Because he knew him. He’d seen him before. Several times. At Finnegan’s. With Jimmy.
It seemed obvious. He’d been at the pharmacy to kill Bailey Headley before she could give anyone a description of the woman who had purchased the phone.
The sound of sirens filled the air.
He hung his head. It would be hours now before he could leave. Hours before he could get to Finnegan’s.
And he had never before felt such an urgency to be there.
* * *
Kieran didn’t have to wait for the news to hear about the shooting.
Marty filled her in.
He was proud to be on duty all night, watching over her and the pub. Although, as he was quick to assure her, he wasn’t alone.
Detective Mayo had sent in several officers, two in uniform and two in plain clothes. The two in uniform were there to be imposing. The two in plain clothes were there for backup.
She had to admit she was worried, though also hugely relieved that Craig and Mike were all right. But, she reminded herself, she had promised to steal a cell phone.
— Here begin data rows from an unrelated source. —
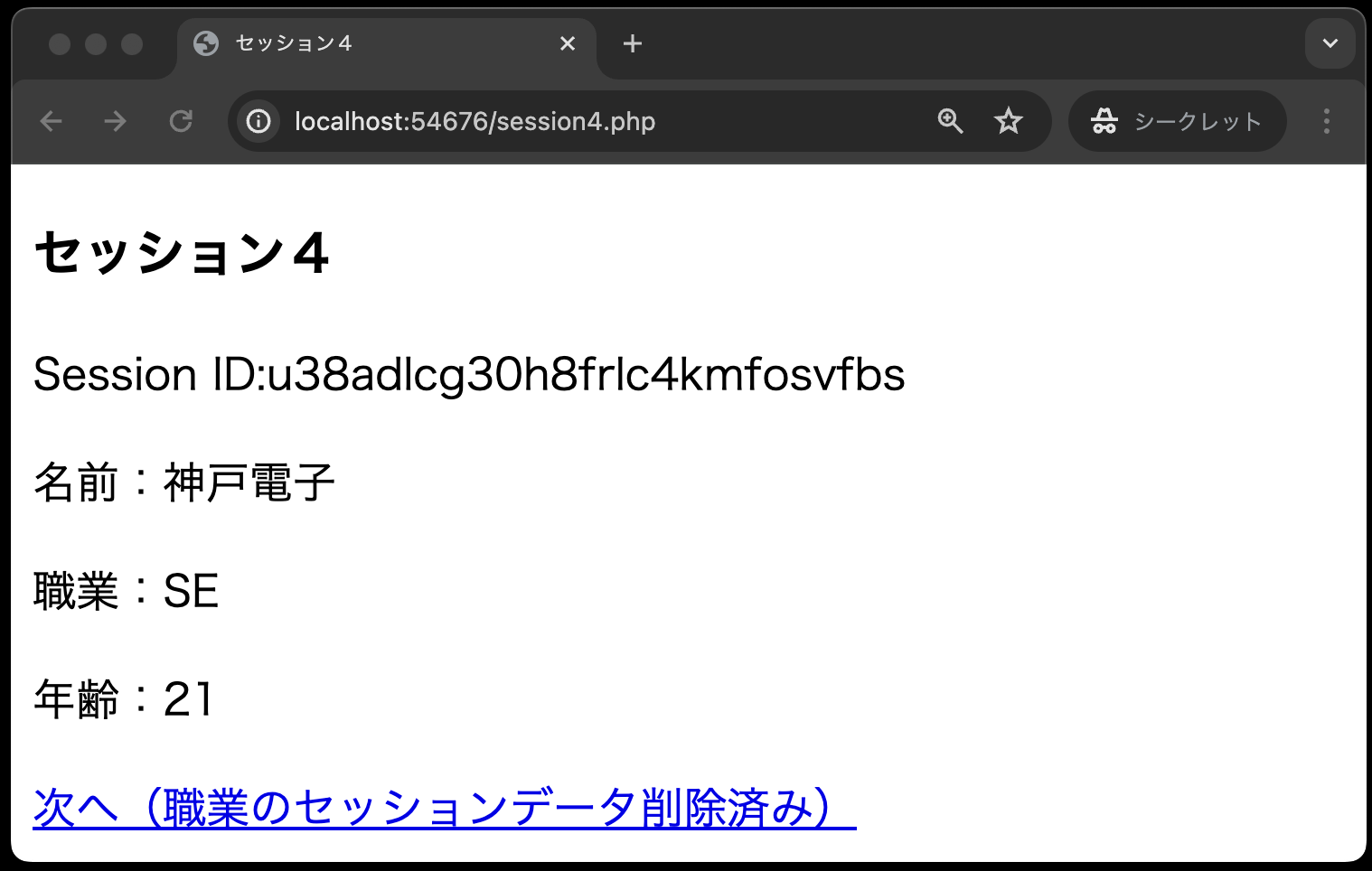 職業のデータはセッションから削除されているため、エラーメッセージが表示されます。 セッションID、名前、年齢の情報を画面に表示した後、すべてのデータをセッションから削除します。
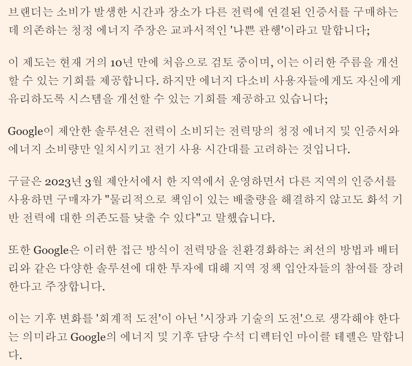 - 유연한 배출량 상쇄 방식: 기존 방식에서는 재생 에너지 인증서(RECs)를 통해 배출량을 상쇄했습니다. 그러나 구글은 더 엄격한 기준을 제시하고 있으며, 지역 및 시간에 따라 정확한 상쇄를 요구하고 있습니다.
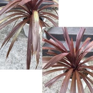 コルジリネ レッドスター 葉焼けにこの前の台風が重なり、可哀想な事になっていました😣 葉っぱの先が千切れてバラバラで、もう再生はしないだろうと思い、全部カットしました❗️ スッキリ✨&コンパクト 成長点は元気なので元気な葉っぱで早く更新していってほしいです😙
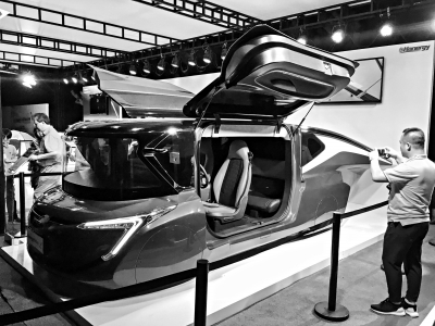 漢能最新展出的SolarL太陽能汽車。本報記者鄧偉攝
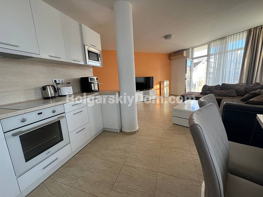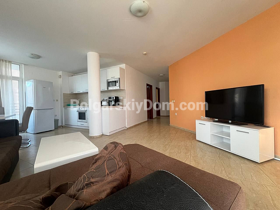 Новинка! Пропонуємо вашій увазі простору трикімнатну квартиру в комплексі Сан Вілладж на Сонячному Березі — практично в самому центрі курортного життя! Розташована на третьому поверсі шестиповерхового будинку, її площа становить 101 кв.м. Квартира приємно здивує нових власників свіжим ремонтом, стильною меблями та всією необхідною технікою. З балкона відкривається мальовничий вид на басейн — ідеальне місце для ранкової кави або вечірнього відпочинку. Квартира повністю готова до заселення, а плата за обслуговування — лише 8 євро на рік, погодьтеся, це дуже вигідно. До моря — всього 650 метрів.
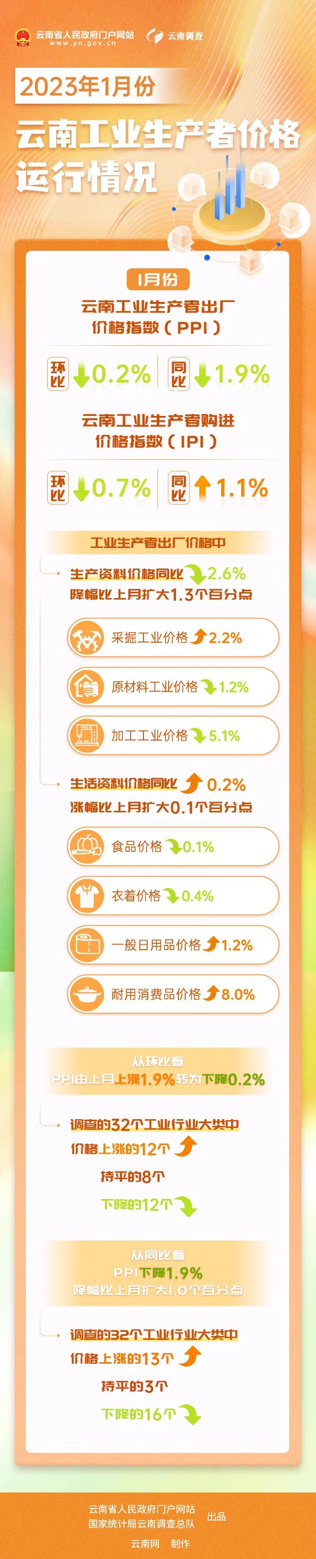 國(guó)家統(tǒng)計(jì)局云南調(diào)查總隊(duì)根據(jù)國(guó)家現(xiàn)行統(tǒng)計(jì)調(diào)查制度規(guī)定依法開(kāi)展的工業(yè)生產(chǎn)者價(jià)格調(diào)查結(jié)果顯示:2023年1月份,受國(guó)際原油價(jià)格波動(dòng)和國(guó)內(nèi)煤炭?jī)r(jià)格下行等因素影響,云南工業(yè)生產(chǎn)者出廠價(jià)格指數(shù)(PPI)環(huán)比下降0.2%,同比下降1.9%,降幅比上月擴(kuò)大1.0個(gè)百分點(diǎn);購(gòu)進(jìn)價(jià)格指數(shù)(IPI)環(huán)比下降0.7%,同比上漲1.1%,漲幅較上月回落0.9個(gè)百分點(diǎn)。
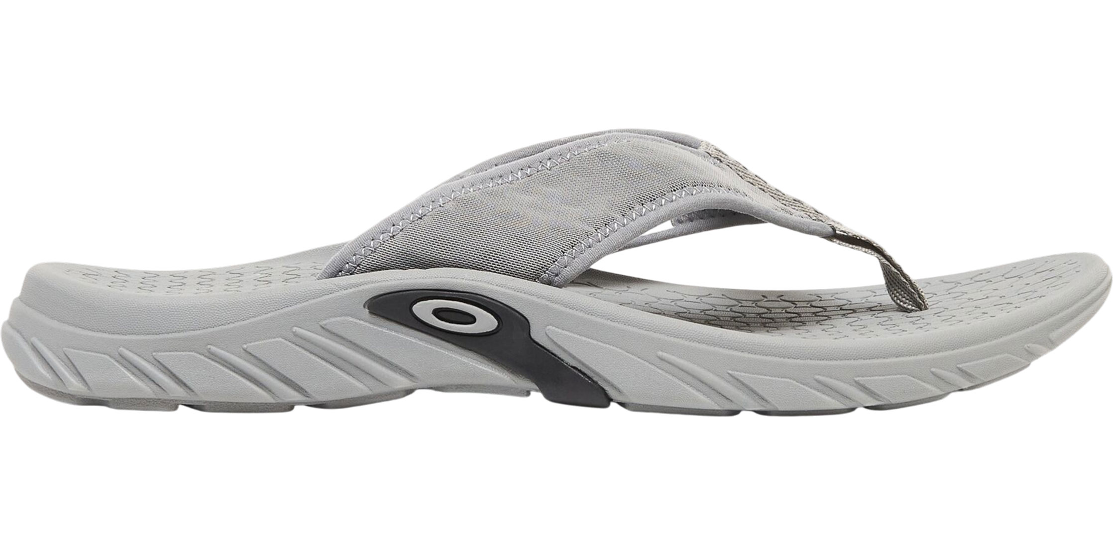Diese Flip Flops vereinen sportliches Design mit hohem Tragekomfort und funktionaler Performance. Sie eignen sich ideal für Strand, Pool, Freizeit und warme Sommertage. Das doppelt verdichtete EVA Fußbett sorgt für angenehme Dämpfung und stabile Unterstützung bei jedem Schritt und macht die Flip Flops perfekt für den täglichen Einsatz. Der atmungsaktive Lycra Riemen bietet eine flexible Passform für unterschiedliche Fußformen und erhöht den Komfort beim Gehen. Die robuste PU Gummi Außensohle mit speziellen Rillen verbessert den Halt auf nassen und trockenen Untergründen. Das markante Oakley Ellipse Logo auf Lauffläche und Seite greift das ikonische Design der Oakley Brillenbügel auf.
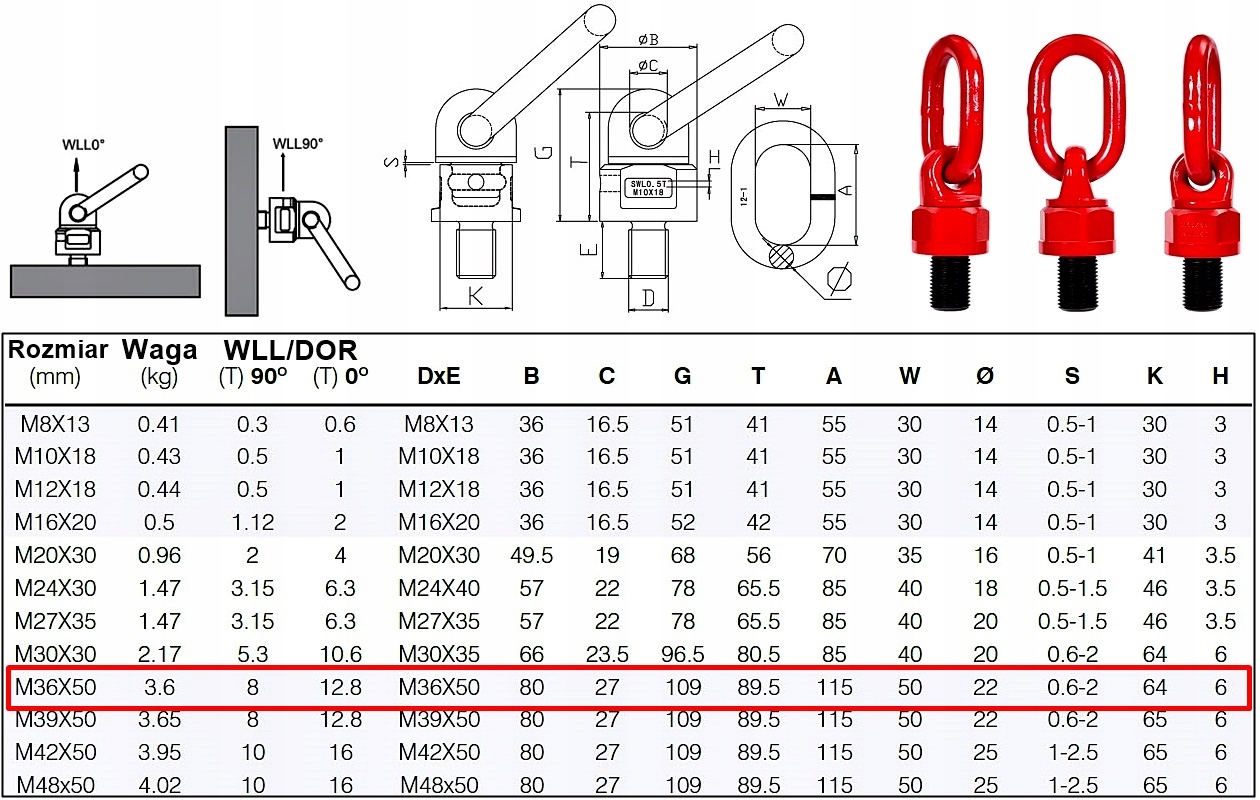 Точка крепления, поворотно-наклонный винт M36 x 6,0, класс G80 DOR: 8,0 т/ 8000 кг — одобрение CE
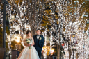 イルミネーションをバックにブーケでおふたりの顔を隠すロマンチックな一枚。顔を隠すショットは王道ですが、イルミネーションの時期ならではの雰囲気になります。
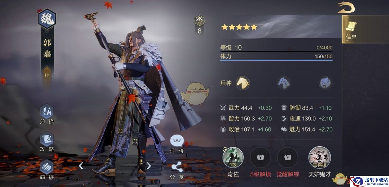 在目前的环境中郭嘉在某些方面的强度已经赶上曹操了,为他带上计略和忌克两个稳定毒Buff技能后高达70%的沉默控制效果让人望而生畏,而且10秒内可以触发两次,可以让对面两个将全程挨打。
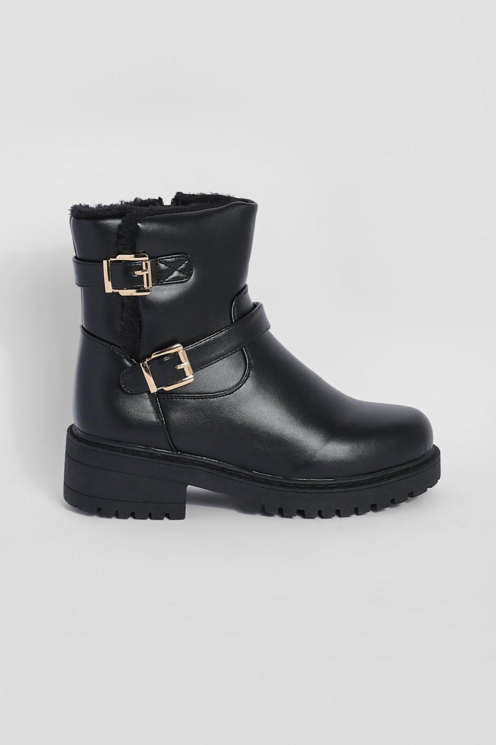 Wide Fit Leather Faux Fur Lined Ankle
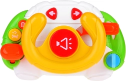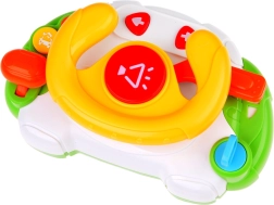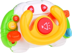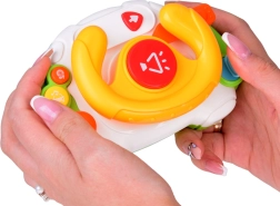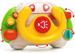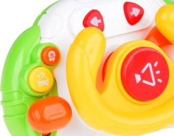 Ta barvit otroški volan spodbuja domišljijo, senzorični razvoj in usklajenost rok. Otroci lahko obračajo volan desno in levo, uporabijo ključ za »zagon« motorja ter vklapljajo smernike s pristnimi zvoki. Vesele melodije in svetlobni učinki ohranijo pozornost malih voznikov doma in na poti.
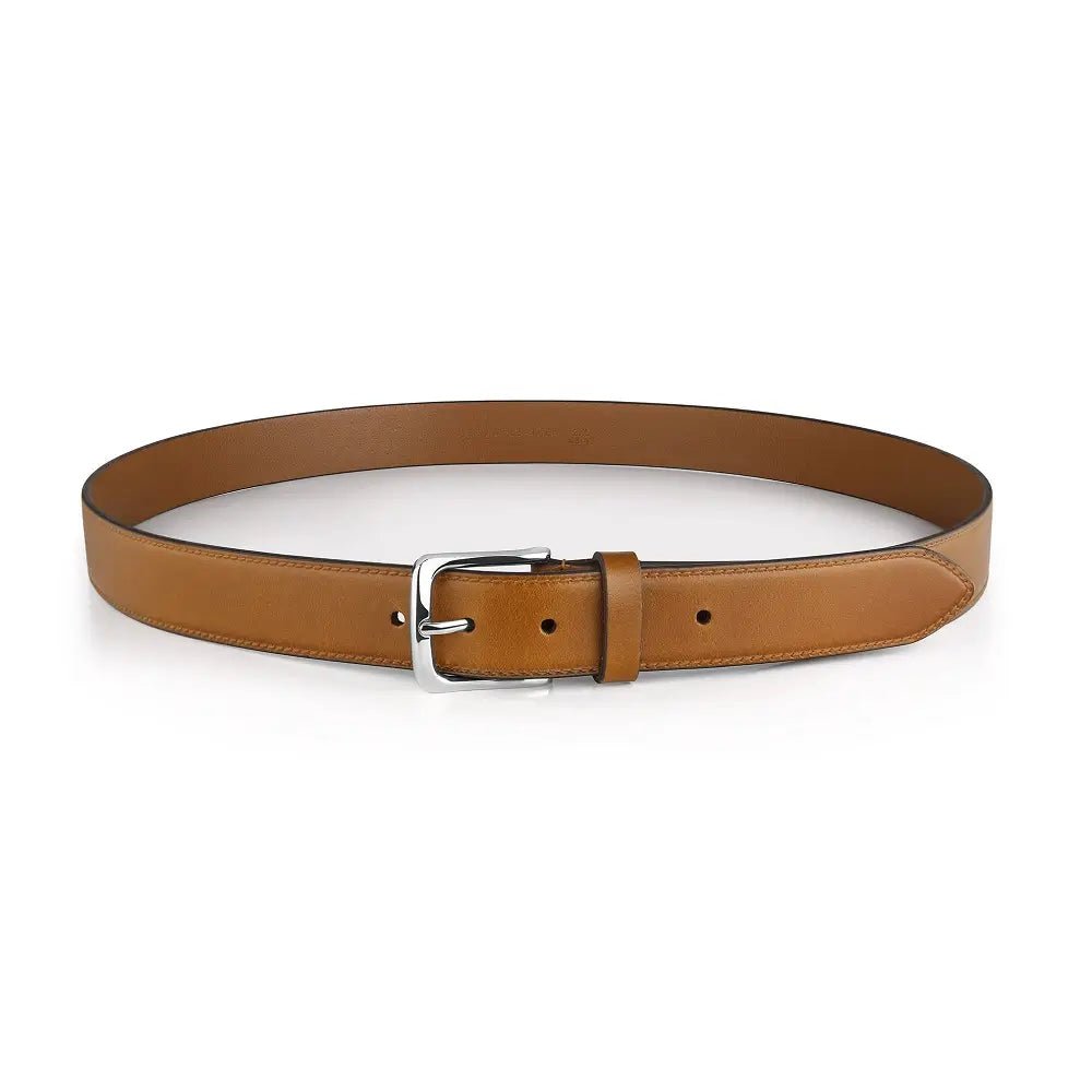 Men’s Tan Leather Belt – Silver Nickel Buckle
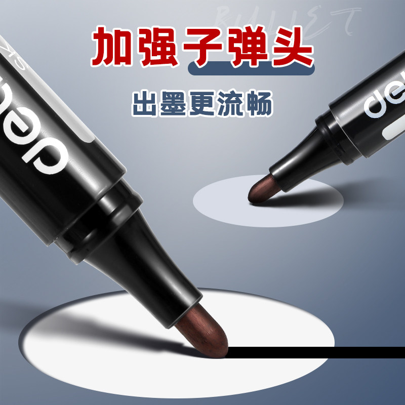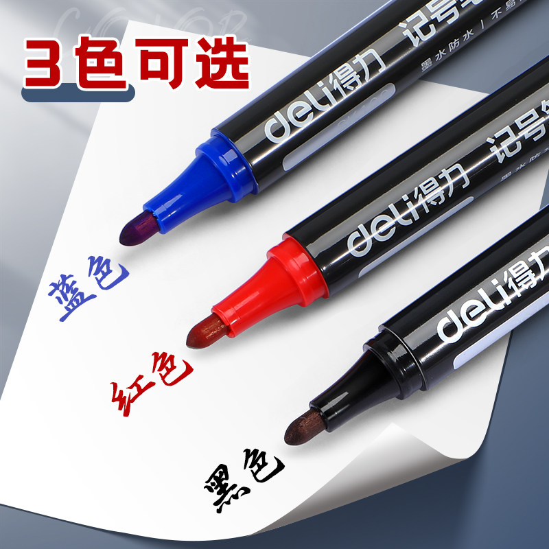 得力记号笔黑色防水防油不掉色记号笔油性大头笔粗签字笔工地马克笔勾线笔美术专用小学生红色蓝色速干快递笔
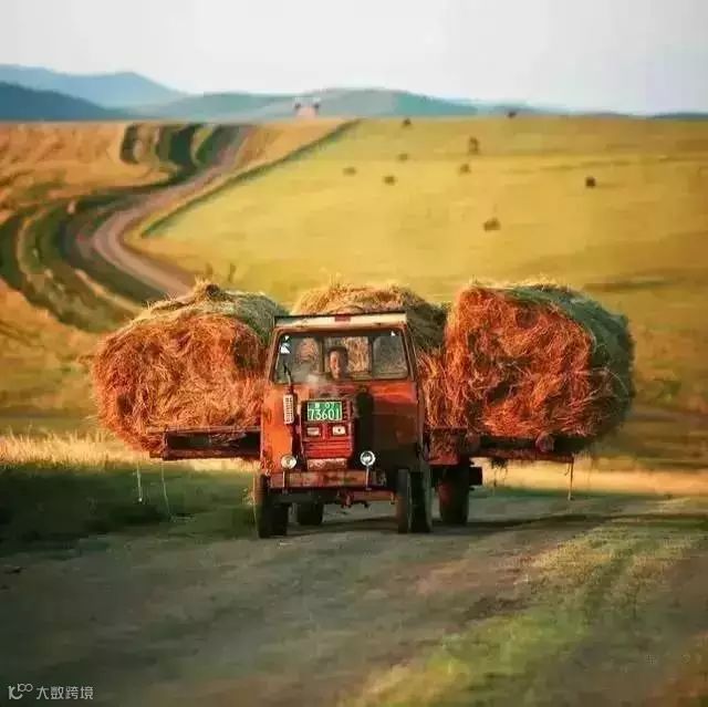 无边无尽的牧草与山坡上,树木极少,偶然有骑马或开摩托车的牧人出现,也不过茫茫天地里小小的一粒,偶有弯弯曲曲小河流经的所在,便有群马如风,牛羊下山。

Even with the place filled with cops and Marty there watching her, stealing Jimmy’s phone was, as she had promised Craig, a piece of cake.
She sat at the table with Jimmy for a few minutes while he told her about stocks and bonds.
She didn’t know much about either one and had no real idea what he was talking about, but she pretended to pay attention.
His phone was sitting on the table. She was easily able to lean toward him on an elbow as if fascinated by what he had to say, and ease it off onto her lap.
She could always say she had found it on the floor, but she doubted it was ever going to come to that. People lost phones at Finnegan’s all the time. She was pretty sure that Jimmy had left his on the bar more than once.
But after Jimmy had left and with his phone tucked safely in her pocket, they all stopped to watch the news and suddenly it all seemed so much more immediate and terrifying than when Marty had told her about it.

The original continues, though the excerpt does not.